##### Data #####

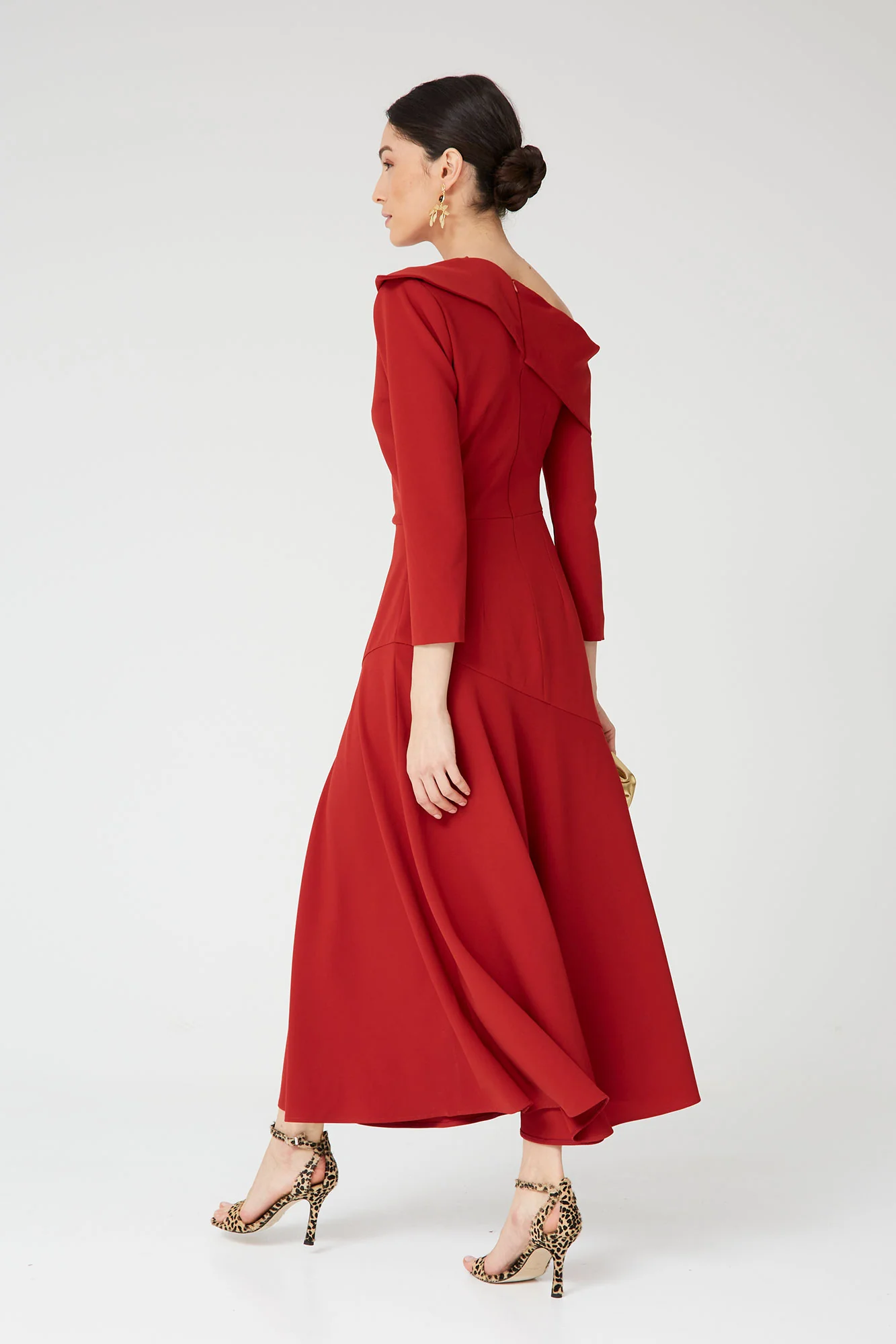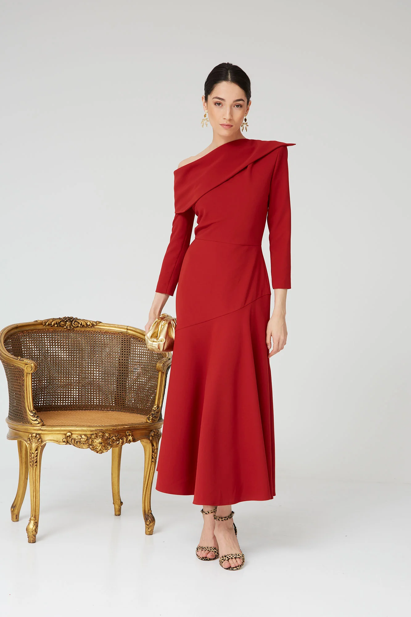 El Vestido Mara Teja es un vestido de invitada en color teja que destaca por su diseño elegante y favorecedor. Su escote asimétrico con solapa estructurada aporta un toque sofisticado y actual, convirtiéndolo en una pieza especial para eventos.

#####
##### Data #####

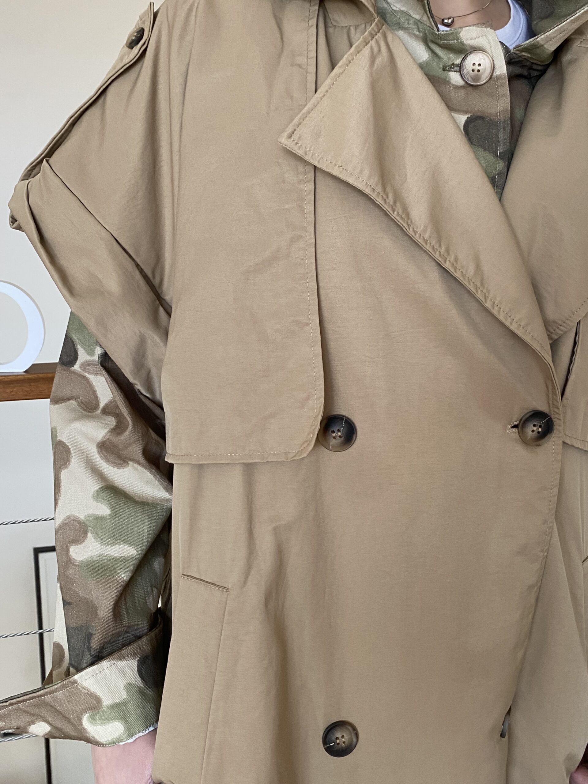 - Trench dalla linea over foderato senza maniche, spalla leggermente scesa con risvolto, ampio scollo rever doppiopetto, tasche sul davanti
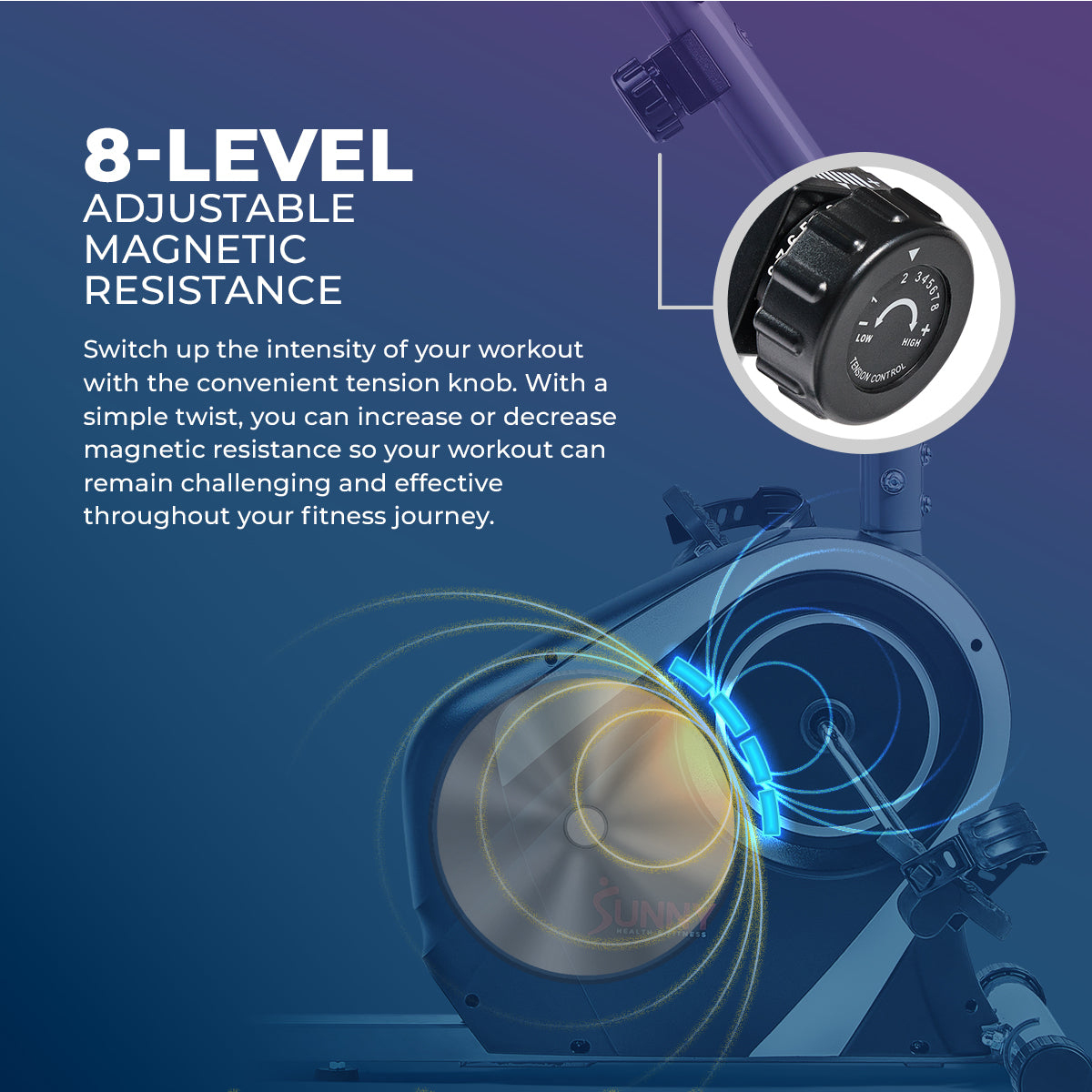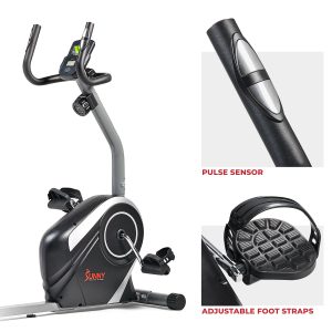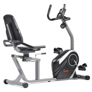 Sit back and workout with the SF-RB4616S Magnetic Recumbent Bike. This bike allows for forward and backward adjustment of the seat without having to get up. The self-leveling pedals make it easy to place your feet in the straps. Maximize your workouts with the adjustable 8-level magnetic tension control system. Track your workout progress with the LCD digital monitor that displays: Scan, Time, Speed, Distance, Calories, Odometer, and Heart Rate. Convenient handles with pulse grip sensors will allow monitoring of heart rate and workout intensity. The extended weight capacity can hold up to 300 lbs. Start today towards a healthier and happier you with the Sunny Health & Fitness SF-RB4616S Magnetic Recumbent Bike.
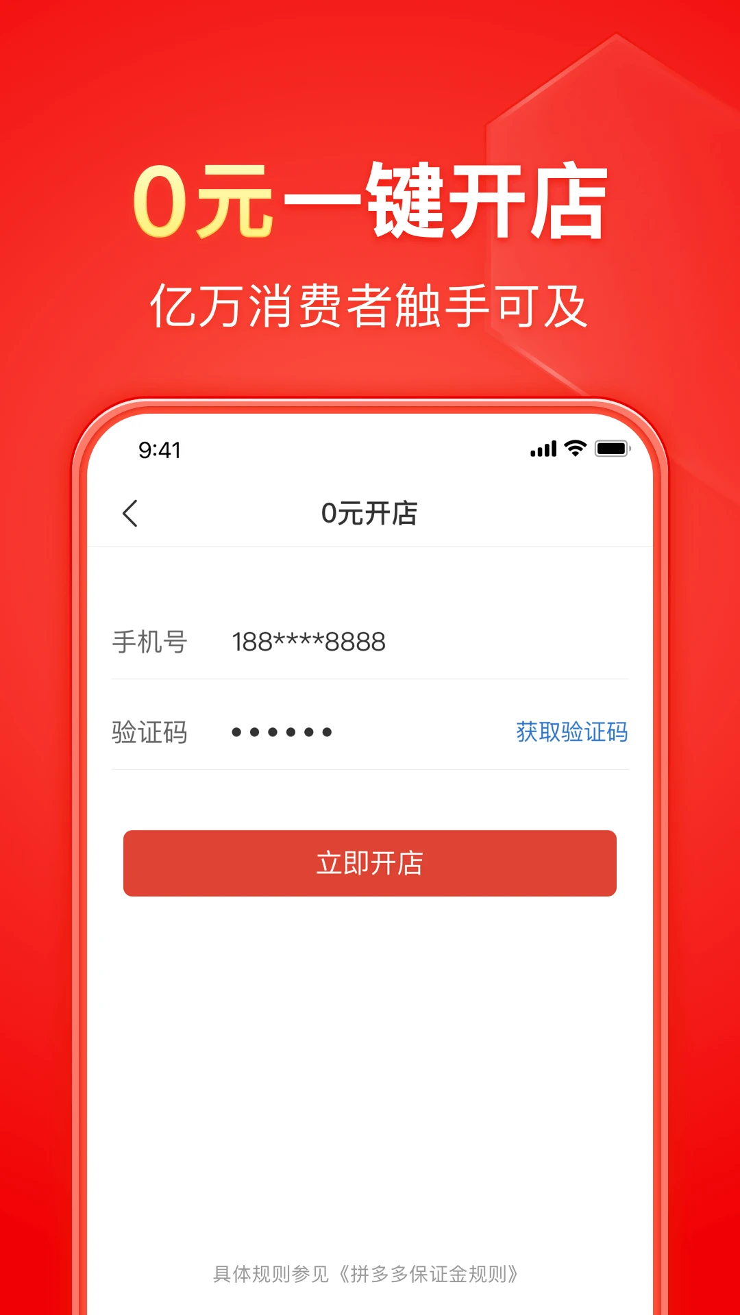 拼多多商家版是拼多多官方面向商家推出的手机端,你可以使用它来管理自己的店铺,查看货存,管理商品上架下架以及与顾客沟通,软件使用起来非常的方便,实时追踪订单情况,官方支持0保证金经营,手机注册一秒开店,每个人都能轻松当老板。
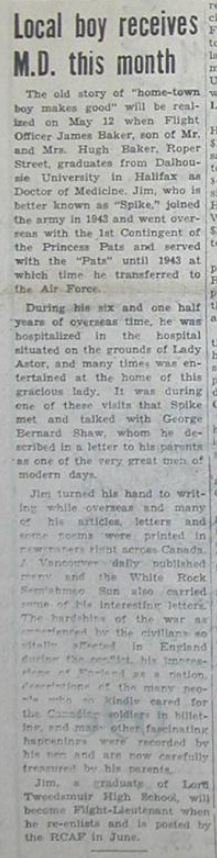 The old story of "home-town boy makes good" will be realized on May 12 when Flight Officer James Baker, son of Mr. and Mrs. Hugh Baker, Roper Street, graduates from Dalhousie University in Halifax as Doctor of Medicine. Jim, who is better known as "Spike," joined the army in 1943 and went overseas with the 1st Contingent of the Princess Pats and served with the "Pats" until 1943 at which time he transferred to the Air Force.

#####

## What is being asked
Would you please reproduce the entries above, starting at the line with "Sit back and" and stopping after the line with "The old story"? Omit any pictures.

## Answer for this exercise
 Sit back and workout with the SF-RB4616S Magnetic Recumbent Bike. This bike allows for forward and backward adjustment of the seat without having to get up. The self-leveling pedals make it easy to place your feet in the straps. Maximize your workouts with the adjustable 8-level magnetic tension control system. Track your workout progress with the LCD digital monitor that displays: Scan, Time, Speed, Distance, Calories, Odometer, and Heart Rate. Convenient handles with pulse grip sensors will allow monitoring of heart rate and workout intensity. The extended weight capacity can hold up to 300 lbs. Start today towards a healthier and happier you with the Sunny Health & Fitness SF-RB4616S Magnetic Recumbent Bike.
 拼多多商家版是拼多多官方面向商家推出的手机端,你可以使用它来管理自己的店铺,查看货存,管理商品上架下架以及与顾客沟通,软件使用起来非常的方便,实时追踪订单情况,官方支持0保证金经营,手机注册一秒开店,每个人都能轻松当老板。
 The old story of "home-town boy makes good" will be realized on May 12 when Flight Officer James Baker, son of Mr. and Mrs. Hugh Baker, Roper Street, graduates from Dalhousie University in Halifax as Doctor of Medicine. Jim, who is better known as "Spike," joined the army in 1943 and went overseas with the 1st Contingent of the Princess Pats and served with the "Pats" until 1943 at which time he transferred to the Air Force.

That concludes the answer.